RECORDS FOR THE EXERCISE:
_____
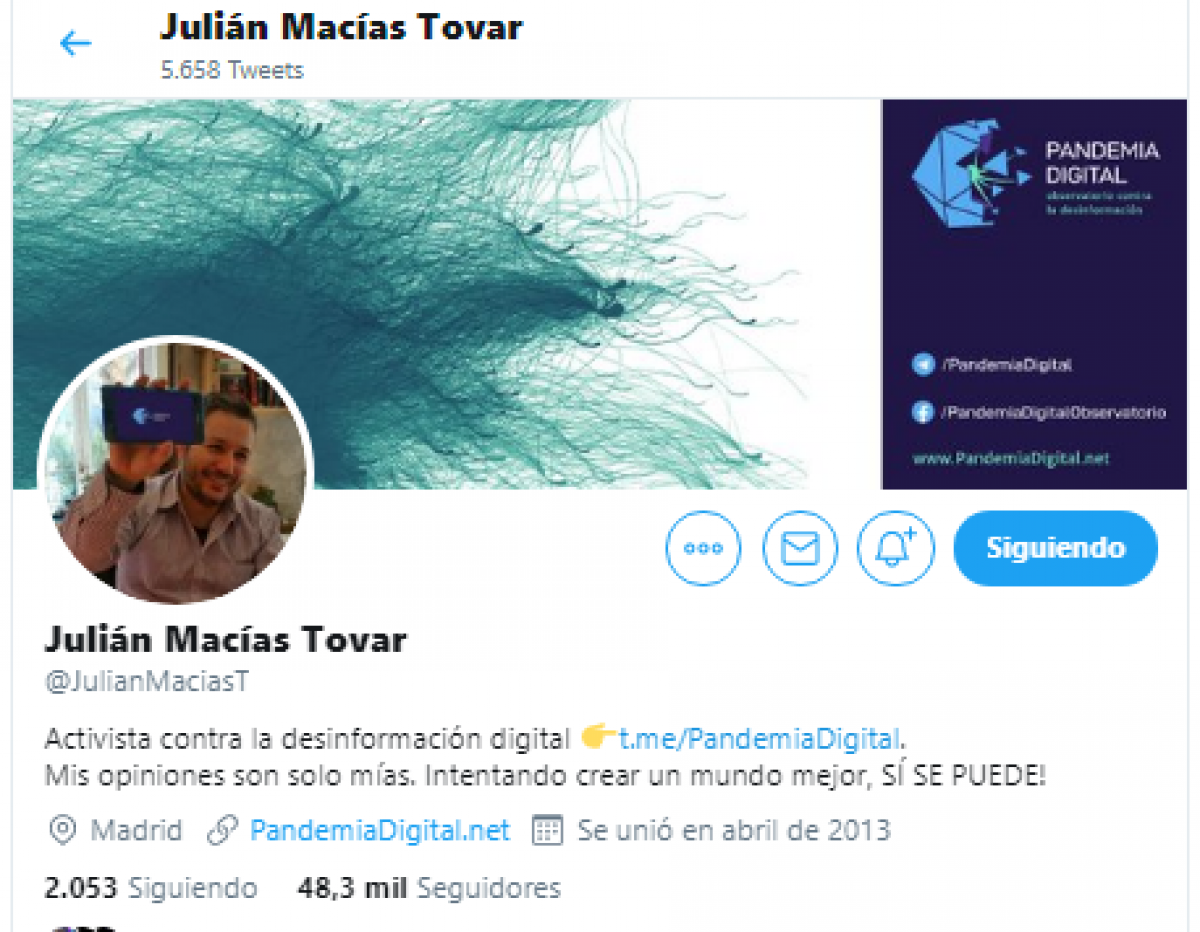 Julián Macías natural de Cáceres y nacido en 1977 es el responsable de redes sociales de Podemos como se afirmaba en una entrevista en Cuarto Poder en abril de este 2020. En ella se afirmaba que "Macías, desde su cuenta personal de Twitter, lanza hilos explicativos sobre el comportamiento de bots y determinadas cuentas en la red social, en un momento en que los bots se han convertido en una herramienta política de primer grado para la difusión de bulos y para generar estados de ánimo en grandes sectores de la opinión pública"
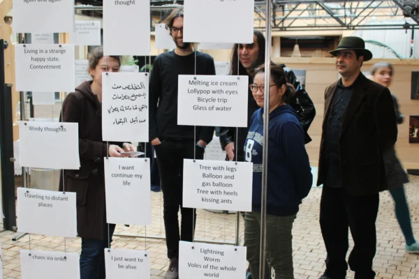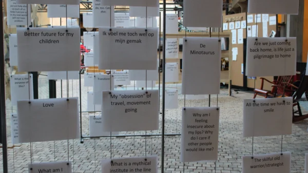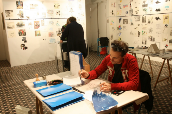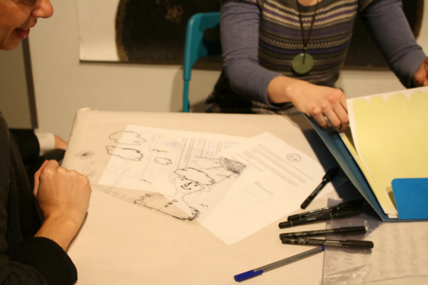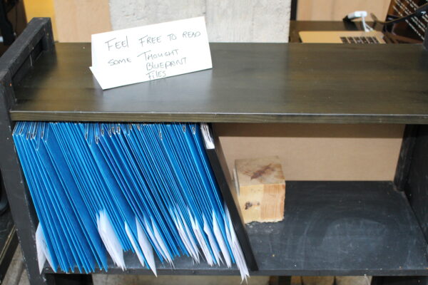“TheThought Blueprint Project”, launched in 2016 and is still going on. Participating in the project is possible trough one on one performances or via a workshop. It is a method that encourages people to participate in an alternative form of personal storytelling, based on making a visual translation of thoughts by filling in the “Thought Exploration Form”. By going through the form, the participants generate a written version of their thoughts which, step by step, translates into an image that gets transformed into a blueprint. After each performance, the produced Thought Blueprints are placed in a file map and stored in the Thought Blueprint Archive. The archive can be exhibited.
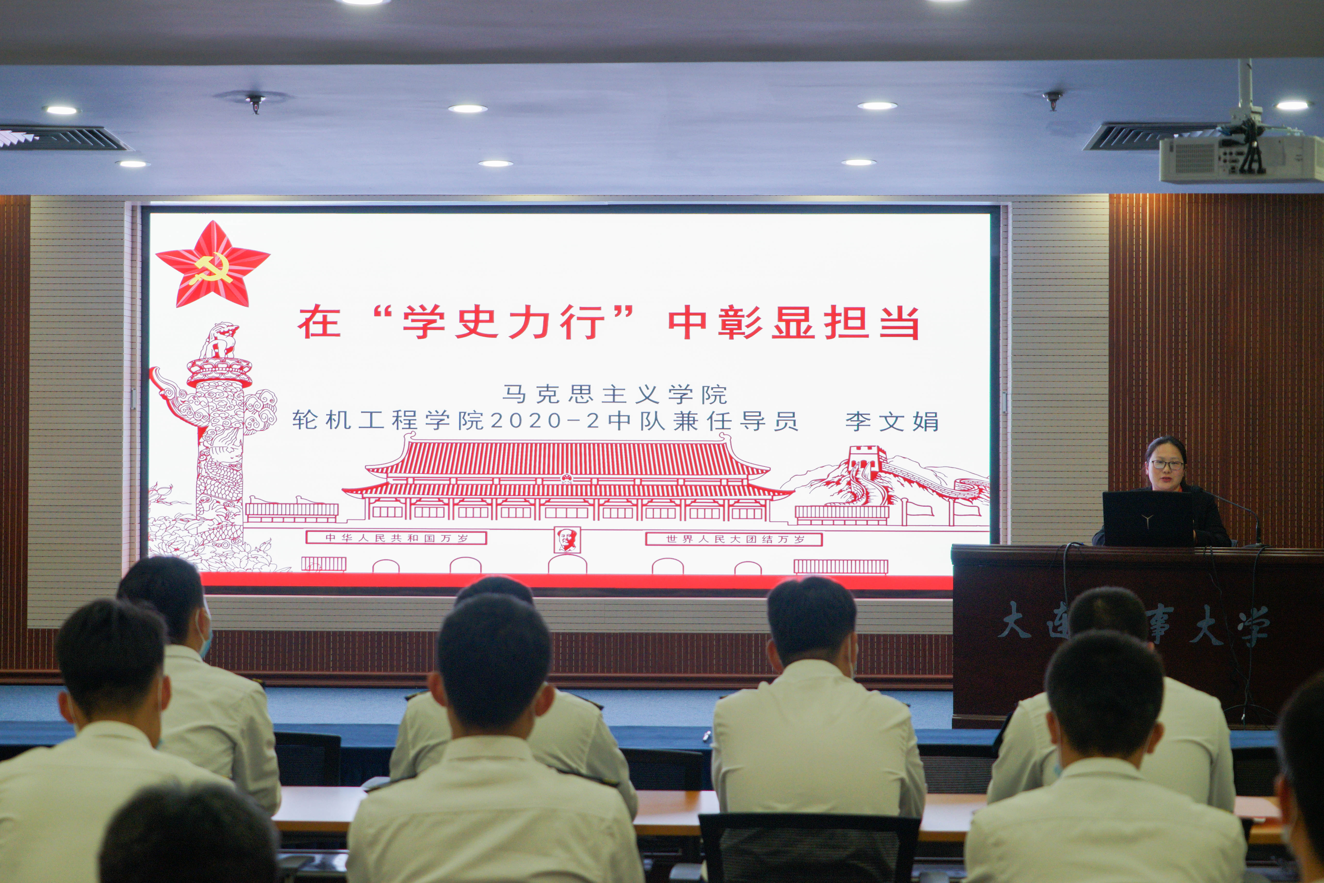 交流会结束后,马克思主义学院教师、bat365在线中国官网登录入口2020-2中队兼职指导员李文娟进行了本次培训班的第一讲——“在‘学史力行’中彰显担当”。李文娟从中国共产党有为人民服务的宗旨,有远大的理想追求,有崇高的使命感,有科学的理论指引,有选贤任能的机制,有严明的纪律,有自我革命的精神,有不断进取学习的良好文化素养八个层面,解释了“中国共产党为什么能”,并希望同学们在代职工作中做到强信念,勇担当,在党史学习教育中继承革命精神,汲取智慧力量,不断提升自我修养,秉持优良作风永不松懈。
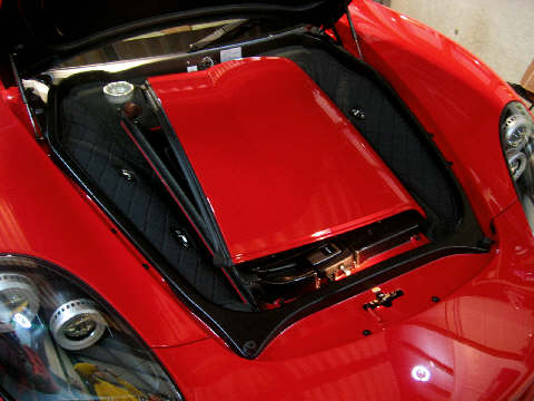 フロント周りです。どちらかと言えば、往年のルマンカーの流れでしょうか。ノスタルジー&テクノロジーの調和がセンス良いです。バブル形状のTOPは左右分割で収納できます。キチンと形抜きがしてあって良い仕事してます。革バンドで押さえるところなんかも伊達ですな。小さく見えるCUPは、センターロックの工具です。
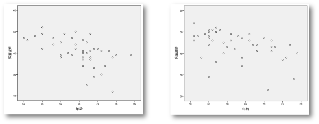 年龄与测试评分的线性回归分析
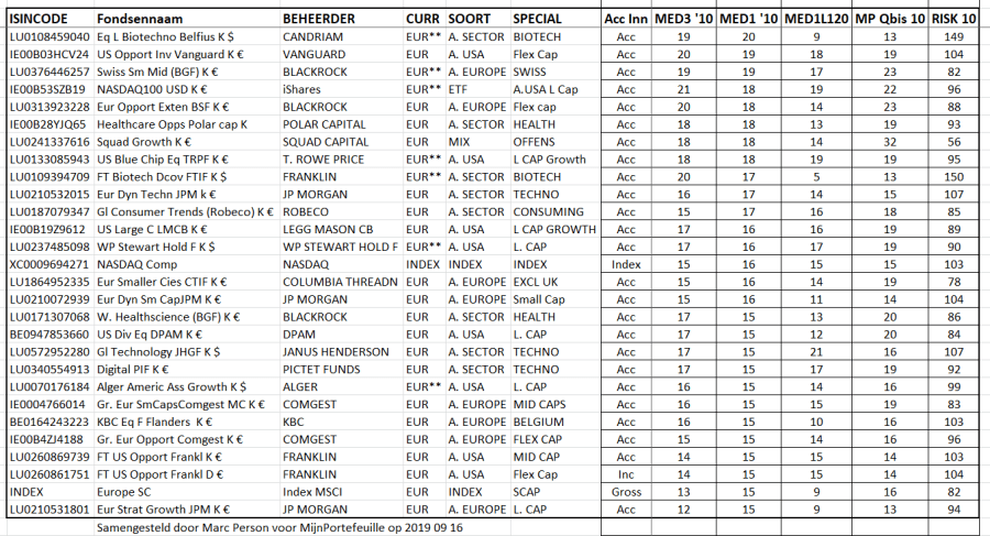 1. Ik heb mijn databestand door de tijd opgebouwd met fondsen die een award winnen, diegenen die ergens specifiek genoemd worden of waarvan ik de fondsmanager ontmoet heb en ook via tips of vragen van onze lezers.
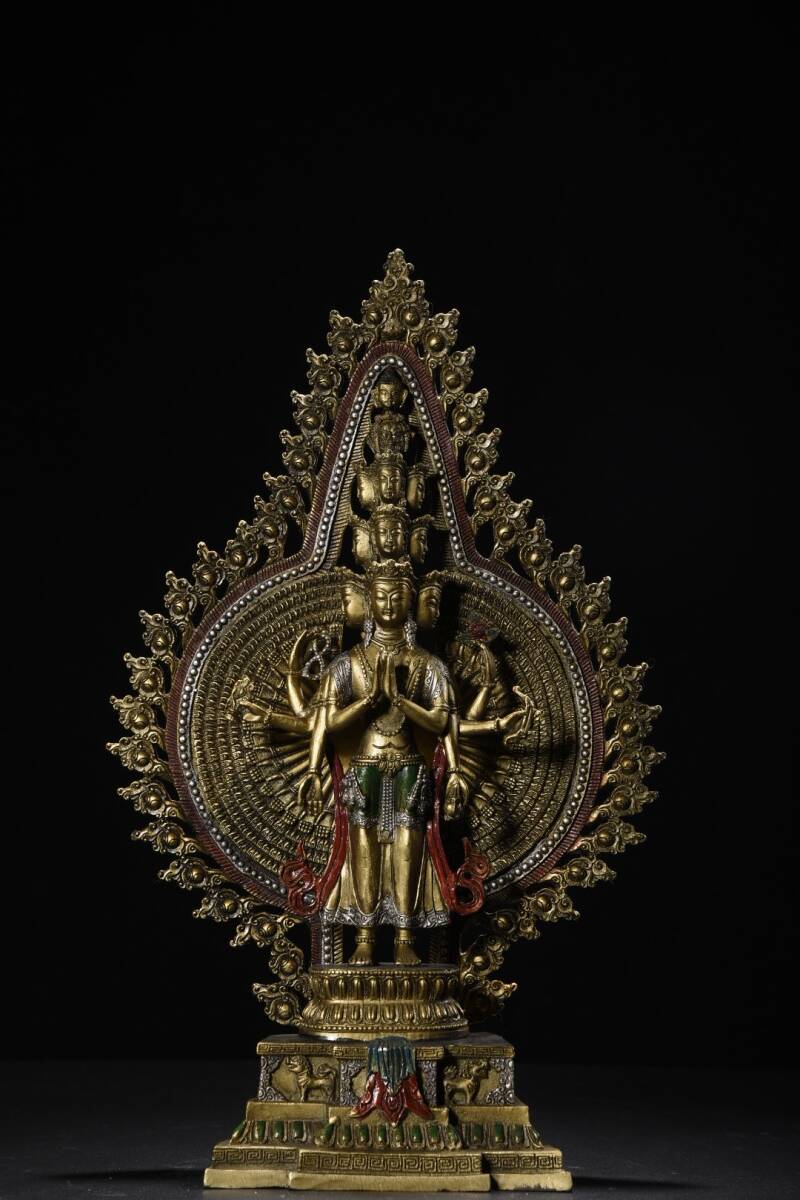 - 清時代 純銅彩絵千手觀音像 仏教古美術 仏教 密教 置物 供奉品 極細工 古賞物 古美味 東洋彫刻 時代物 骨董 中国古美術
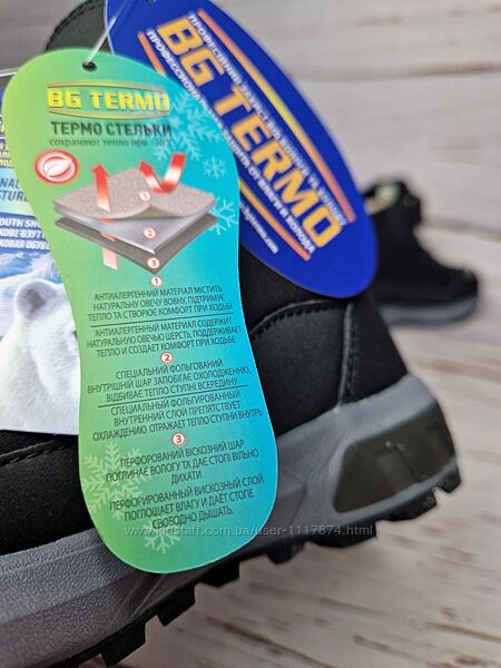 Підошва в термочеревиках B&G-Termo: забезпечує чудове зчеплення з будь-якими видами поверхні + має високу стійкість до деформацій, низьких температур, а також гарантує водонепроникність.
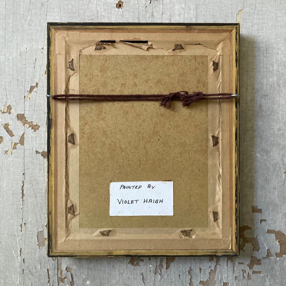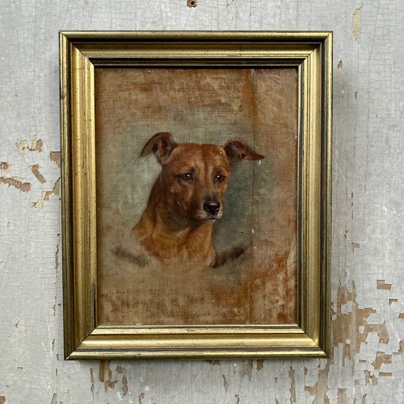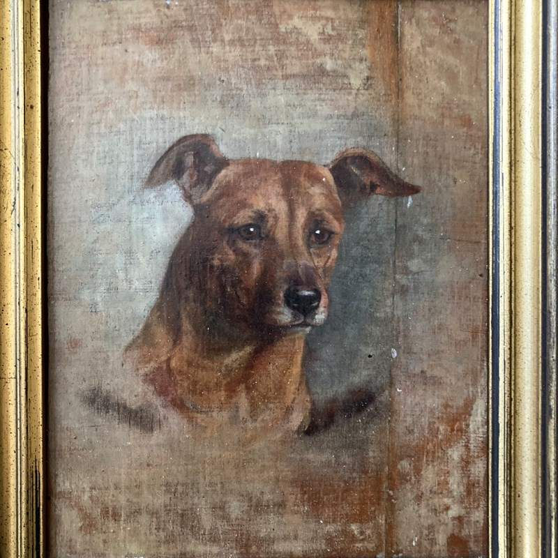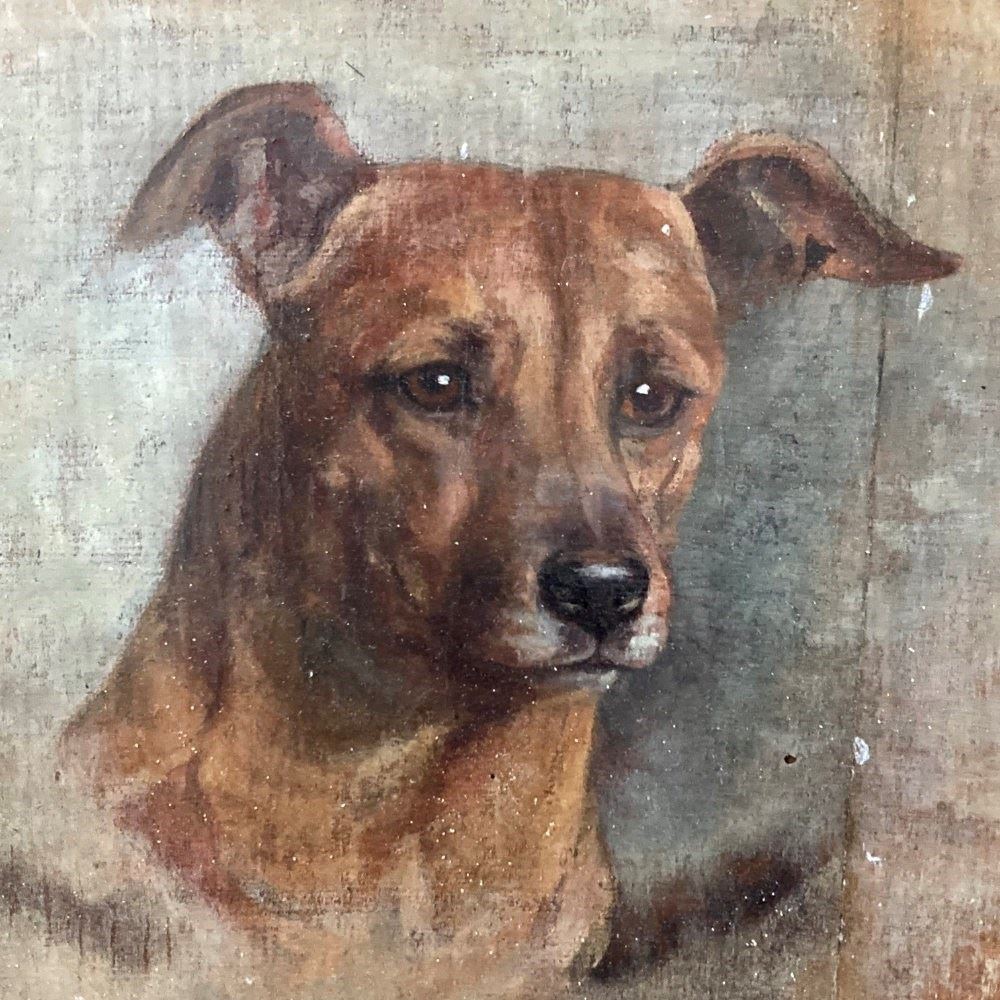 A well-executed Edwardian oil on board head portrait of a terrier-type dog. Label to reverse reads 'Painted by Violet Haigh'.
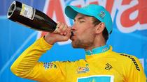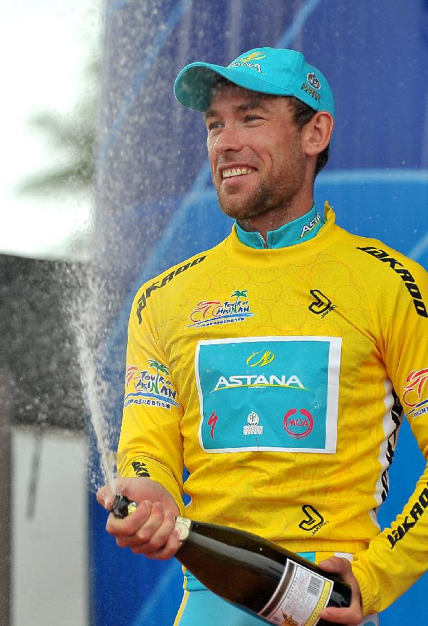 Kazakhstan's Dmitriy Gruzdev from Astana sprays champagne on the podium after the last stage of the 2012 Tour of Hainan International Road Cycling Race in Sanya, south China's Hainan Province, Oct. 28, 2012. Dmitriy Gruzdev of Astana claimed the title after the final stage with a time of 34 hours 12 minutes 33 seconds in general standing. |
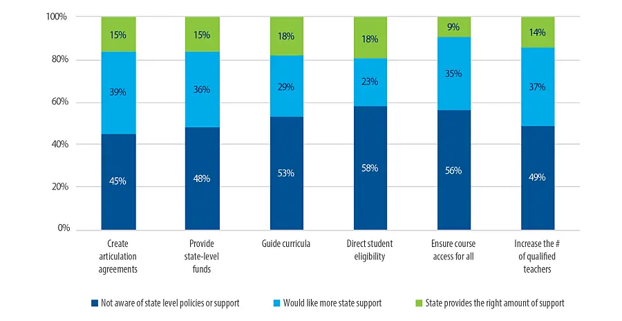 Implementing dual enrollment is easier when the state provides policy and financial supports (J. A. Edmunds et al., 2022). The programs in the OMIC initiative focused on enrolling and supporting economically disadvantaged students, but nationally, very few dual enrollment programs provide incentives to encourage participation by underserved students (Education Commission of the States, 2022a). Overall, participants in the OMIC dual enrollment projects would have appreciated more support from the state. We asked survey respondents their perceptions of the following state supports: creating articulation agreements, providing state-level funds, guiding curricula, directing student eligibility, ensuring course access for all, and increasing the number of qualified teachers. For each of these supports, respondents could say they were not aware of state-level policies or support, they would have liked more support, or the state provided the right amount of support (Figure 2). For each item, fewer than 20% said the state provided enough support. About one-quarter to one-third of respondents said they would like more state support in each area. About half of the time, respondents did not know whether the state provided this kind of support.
_____
REQUIRED ACTION: Retype everything in the material word for word, minus pictures.

ANSWER BELOW:
 Julián Macías natural de Cáceres y nacido en 1977 es el responsable de redes sociales de Podemos como se afirmaba en una entrevista en Cuarto Poder en abril de este 2020. En ella se afirmaba que "Macías, desde su cuenta personal de Twitter, lanza hilos explicativos sobre el comportamiento de bots y determinadas cuentas en la red social, en un momento en que los bots se han convertido en una herramienta política de primer grado para la difusión de bulos y para generar estados de ánimo en grandes sectores de la opinión pública"
“TheThought Blueprint Project”, launched in 2016 and is still going on. Participating in the project is possible trough one on one performances or via a workshop. It is a method that encourages people to participate in an alternative form of personal storytelling, based on making a visual translation of thoughts by filling in the “Thought Exploration Form”. By going through the form, the participants generate a written version of their thoughts which, step by step, translates into an image that gets transformed into a blueprint. After each performance, the produced Thought Blueprints are placed in a file map and stored in the Thought Blueprint Archive. The archive can be exhibited.
 交流会结束后,马克思主义学院教师、bat365在线中国官网登录入口2020-2中队兼职指导员李文娟进行了本次培训班的第一讲——“在‘学史力行’中彰显担当”。李文娟从中国共产党有为人民服务的宗旨,有远大的理想追求,有崇高的使命感,有科学的理论指引,有选贤任能的机制,有严明的纪律,有自我革命的精神,有不断进取学习的良好文化素养八个层面,解释了“中国共产党为什么能”,并希望同学们在代职工作中做到强信念,勇担当,在党史学习教育中继承革命精神,汲取智慧力量,不断提升自我修养,秉持优良作风永不松懈。
 フロント周りです。どちらかと言えば、往年のルマンカーの流れでしょうか。ノスタルジー&テクノロジーの調和がセンス良いです。バブル形状のTOPは左右分割で収納できます。キチンと形抜きがしてあって良い仕事してます。革バンドで押さえるところなんかも伊達ですな。小さく見えるCUPは、センターロックの工具です。
 年龄与测试评分的线性回归分析
 1. Ik heb mijn databestand door de tijd opgebouwd met fondsen die een award winnen, diegenen die ergens specifiek genoemd worden of waarvan ik de fondsmanager ontmoet heb en ook via tips of vragen van onze lezers.
 - 清時代 純銅彩絵千手觀音像 仏教古美術 仏教 密教 置物 供奉品 極細工 古賞物 古美味 東洋彫刻 時代物 骨董 中国古美術
 Підошва в термочеревиках B&G-Termo: забезпечує чудове зчеплення з будь-якими видами поверхні + має високу стійкість до деформацій, низьких температур, а також гарантує водонепроникність.
 A well-executed Edwardian oil on board head portrait of a terrier-type dog. Label to reverse reads 'Painted by Violet Haigh'.
 Kazakhstan's Dmitriy Gruzdev from Astana sprays champagne on the podium after the last stage of the 2012 Tour of Hainan International Road Cycling Race in Sanya, south China's Hainan Province, Oct. 28, 2012. Dmitriy Gruzdev of Astana claimed the title after the final stage with a time of 34 hours 12 minutes 33 seconds in general standing. |
 Implementing dual enrollment is easier when the state provides policy and financial supports (J. A. Edmunds et al., 2022). The programs in the OMIC initiative focused on enrolling and supporting economically disadvantaged students, but nationally, very few dual enrollment programs provide incentives to encourage participation by underserved students (Education Commission of the States, 2022a). Overall, participants in the OMIC dual enrollment projects would have appreciated more support from the state. We asked survey respondents their perceptions of the following state supports: creating articulation agreements, providing state-level funds, guiding curricula, directing student eligibility, ensuring course access for all, and increasing the number of qualified teachers. For each of these supports, respondents could say they were not aware of state-level policies or support, they would have liked more support, or the state provided the right amount of support (Figure 2). For each item, fewer than 20% said the state provided enough support. About one-quarter to one-third of respondents said they would like more state support in each area. About half of the time, respondents did not know whether the state provided this kind of support.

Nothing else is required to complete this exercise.